The BJP's nationalis­tic, right-wing, aggressive­ly pro-Hindutva campaign has won widespread grassroots support in the north of the vast sub-continent but it does not seem to have the same currency in the south. The ‘one nation; one language; one culture’ policy of this ‘saffron party’ is viewed with suspicion in the South.

It was in clearly a desperate bid to throw some political mud at Tamil Nadu’s ruling party, the DMK, that the Prime Minister no less, threw foreign policy considerat­ions to the wind by dragging the Kachchativ­u non-issue into his election rhetoric with his faithful choir singing from the same hymn sheet.

Wiser counsel seems to have prevailed on the BJP hierarchy after sections of the Indian (non-mainstream) media slammed all of them for shooting off the hip on a settled subject jeopardisi­ng otherwise good relations with neighbouri­ng Sri Lanka. The party's final campaign run in Tamil Nadu last week was minus references to Kachchativ­u.

It was somewhat heartening that the Tamil Nadu parties at least this time refrained from playing the 'Sri Lanka Tamils plight' card to win votes. They were probably unable to do so as there was no armed conflict in the island nation and they themselves remained exposed for encouragin­g their fishermen to steal the catch off the northern waters of Sri Lanka depriving their brethren across the border of their livelihood.

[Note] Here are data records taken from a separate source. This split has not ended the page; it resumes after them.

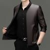 Experience the perfect blend of style and comfort with this men's high-end sheepskin leather jacket. Designed for a modern gentleman, this jacket features a sophisticated stand-up collar and is crafted from genuine leather, ensuring durability and an elegant appearance. The fleece lining provides extra warmth, making it an ideal choice for middle-aged individuals looking for both fashion and practicality in business casual settings.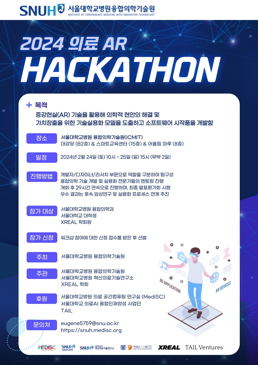 어제부터 무박 2일로 진행되었던 의료 AR 해커톤(2024.02.24~2024.02.25.)에 다녀왔다. 해커톤이라는 형태의 대회에 참가해 본 건 이번이 처음이었다. 우리 경제경영 학회를 같이 하는 친구들이 개인 자격으로 여러 명 참가했고, XREAL이라는 서울대 XR/메타버스 학회에서도 여러 명이 와서 메디컬 분야와 AR 분야의 콜라보 느낌으로 진행되었다.
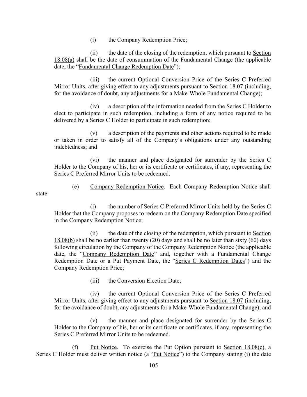 105 (i) the Company Redemption Price; (ii) the date of the closing of the redemption, which pursuant to Section 18.08(a) shall be the date of consummation of the Fundamental Change (the applicable date, the “Fundamental Change Redemption Date”); (iii) the current Optional Conversion Price of the Series C Preferred Mirror Units, after giving effect to any adjustments pursuant to Section 18.07 (including, for the avoidance of doubt, any adjustments for a Make-Whole Fundamental Change); (iv) a description of the information needed from the Series C Holder to elect to participate in such redemption, including a form of any notice required to be delivered by a Series C Holder to participate in such redemption; (v) a description of the payments and other actions required to be made or taken in order to satisfy all of the Company’s obligations under any outstanding indebtedness; and (vi) the manner and place designated for surrender by the Series C Holder to the Company of his, her or its certificate or certificates, if any, representing the Series C Preferred Mirror Units to be redeemed. (e) Company Redemption Notice. Each Company Redemption Notice shall state: (i) the number of Series C Preferred Mirror Units held by the Series C Holder that the Company proposes to redeem on the Company Redemption Date specified in the Company Redemption Notice; (ii) the date of the closing of the redemption, which pursuant to Section 18.08(b) shall be no earlier than twenty (20) days and shall be no later than sixty (60) days following circulation by the Company of the Company Redemption Notice (the applicable date, the “Company Redemption Date” and, together with a Fundamental Change Redemption Date or a Put Payment Date, the “Series C Redemption Dates”) and the Company Redemption Price; (iii) the Conversion Election Date; (iv) the current Optional Conversion Price of the Series C Preferred Mirror Units, after giving effect to any adjustments pursuant to Section 18.07 (including, for the avoidance of doubt, any adjustments for a Make-Whole Fundamental Change); and (v) the manner and place designated for surrender by the Series C Holder to the Company of his, her or its certificate or certificates, if any, representing the Series C Preferred Mirror Units to be redeemed. (f) Put Notice. To exercise the Put Option pursuant to Section 18.08(c), a Series C Holder must deliver written notice (a “Put Notice”) to the Company stating (i) the date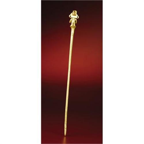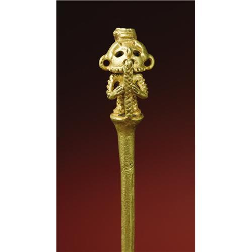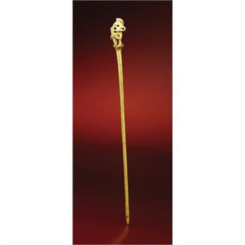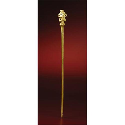 <B>Lime Dipper with Standing Shaman</B></I><BR>Yotoco<BR>A.D. 100 - 800<BR>Gold, Weight 58 grams<BR>Height 10 in. Width 13/16 in. Height (figure) 1 3/8 in.<BR><BR>This cast lime dipper is capped by a standing shaman wearing a large-eyed, open-mouthed mask with a notched lower edge. He has looped ear areas and a high backward-curving cap. He holds a shaman's staff with both hands. he staff and the figure's upper arms, legs, and back are all patterned with incised cross-hatching. Lime dippers were used in connection with gourd or metal containers which held the powdered mineral lime necessary as a catalyst in chewing coca leaves. The dipper tip was moistened so that the requisite small amount of lime would adhere. As the dipper was not polished after casting, the surface is slightly porous in places. Minute dirt residues remain on several parts of the finial image.<BR><BR>Provenance<BR>David Walley, Pontotoc, Mississippi<BR><BR>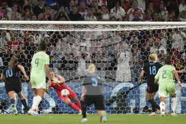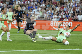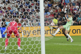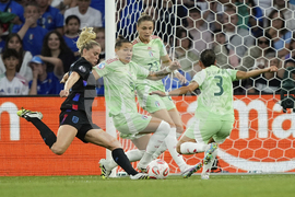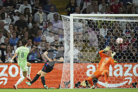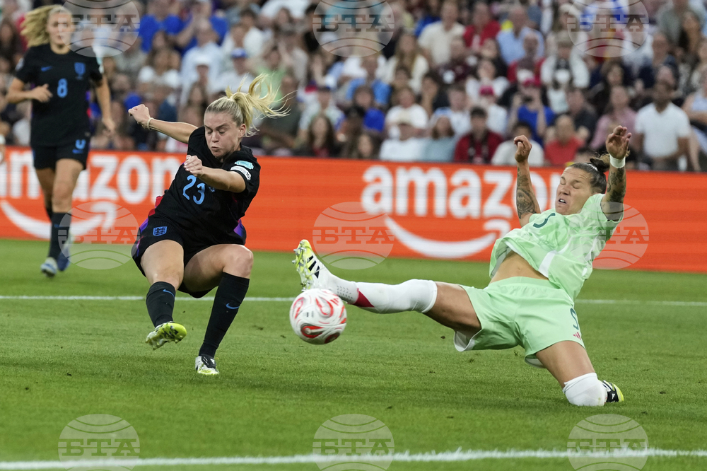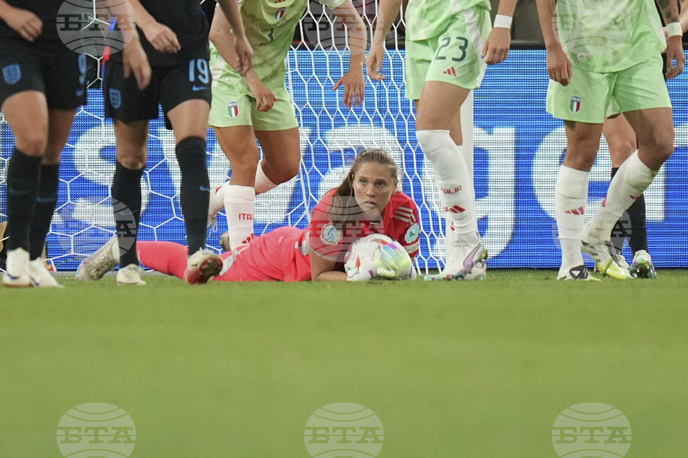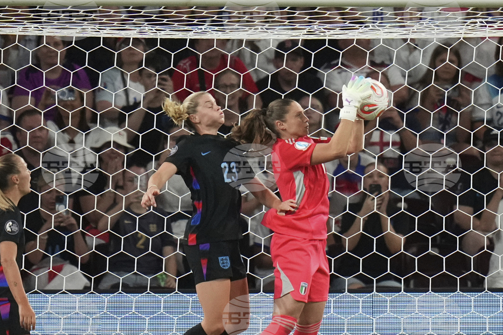 Italy goalkeeper Laura Giuliani dives but fails to save the goal from England's Michelle Agyemang during the Women's Euro 2025 semifinals soccer match between England and Italy at Stade de Geneve in Geneva, Switzerland, Tuesday, July 22, 2025. (AP Photo/Martin Meissner)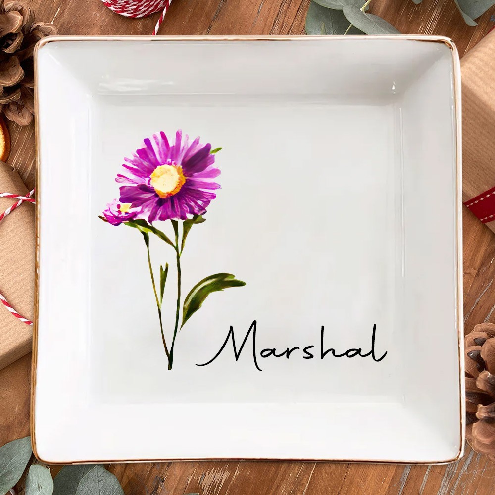 Personalised Birth Flower Jewelry Dish with Name Unique Gifts for Friend Wedding Bridesmaid Gift for Her Christmas Gift for Mum
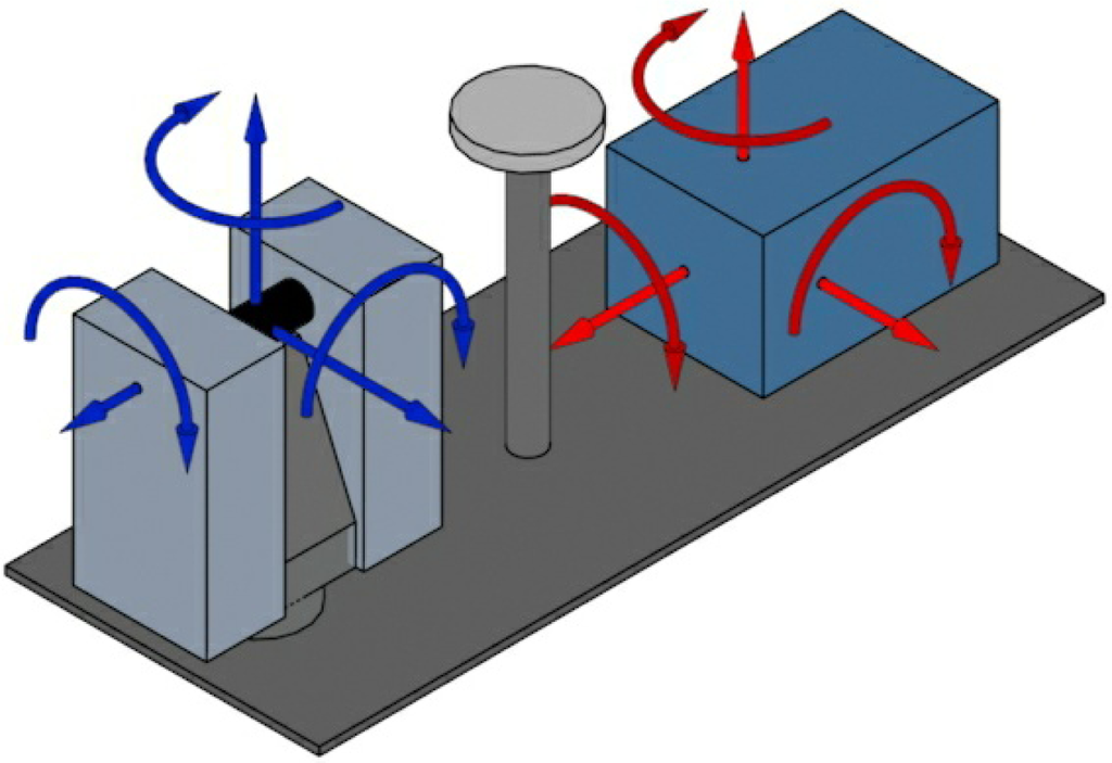 This relation can also be described by Equations (1) and (2). This results in an error for Sand C, respectively, which can be ignored. The second example illustrates the error effect of the boresight angles. It is assumed that the scanner has a measurement deviation of 4 mm at a distance of 50 m. This results in an angular error of 0.005°. As clarified in Section 3.1, this is the expected accuracy for the calibration. To determine the installation angles on the platform, only the body of the scanner can be used. The outside dimensions of the Zoller+ Fröhlich laser scanner are approximately 286 mm. An angle change of 0.005° on a short basis can cause a deviation of 24 μm. This deviation is difficult to determine, even using a laser tracker. Furthermore, it should be noted that only the position of the laser scanner’s housing on the platform can be determined, not the required orientation of the mirror in the laser scanner body. The external determination for the lever arm, therefore, should be considered. Determination of the angles, however, can be difficult using this method.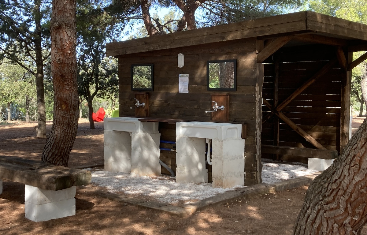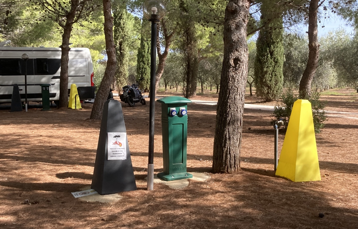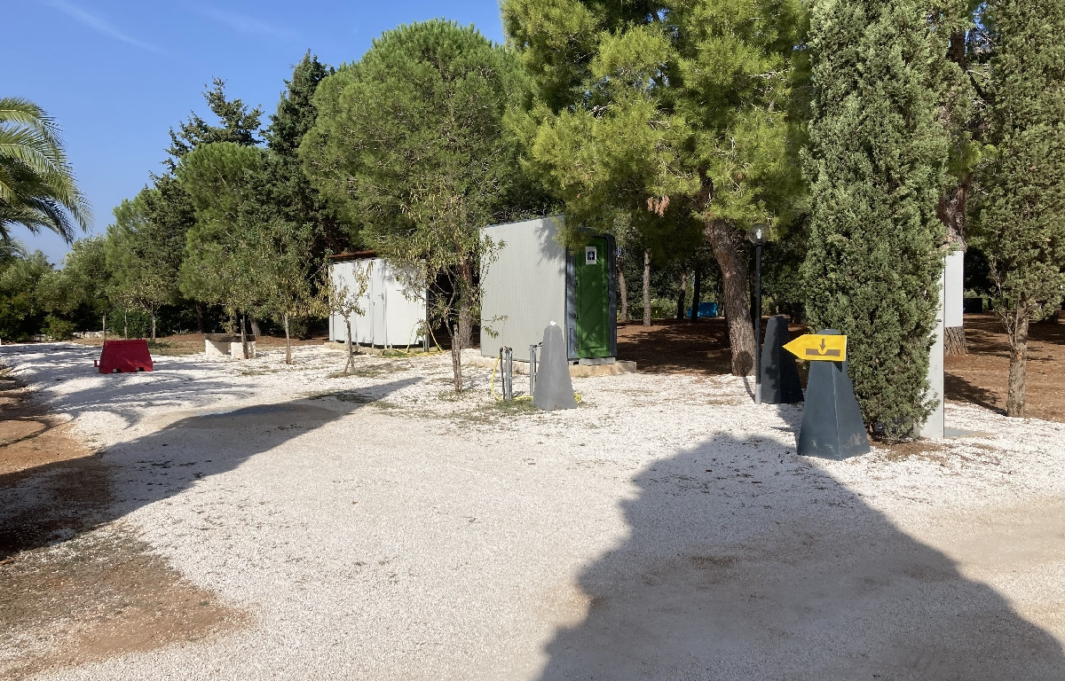 A metà strada tra il Salento e la Valle d'Itria, a 2,5 km dal mare e in posizione strategica per raggiungere le più rinomate località del territorio, la struttura mette a disposizione un'ampia area recintata e video sorvegliata con 15 piazzole per camper e caravan, ombreggiate da pini e dotate di acqua potabile e allaccio elettrico.

It is still not too late, however, for the Sri Lankan Government to pay more attention to 'connectivi­ty' with the rapidly developing southern states of India, viz., Tamil Nadu, Andhra Pradesh, Telangana, Karnataka, Kerala, and those in the east like Odisha and West Bengal rather than only with Delhi.

It is time for a long overdue shift in its foreign policy direction vis-a-vis India, as it is possible that these states may not be in sync with their own Centre.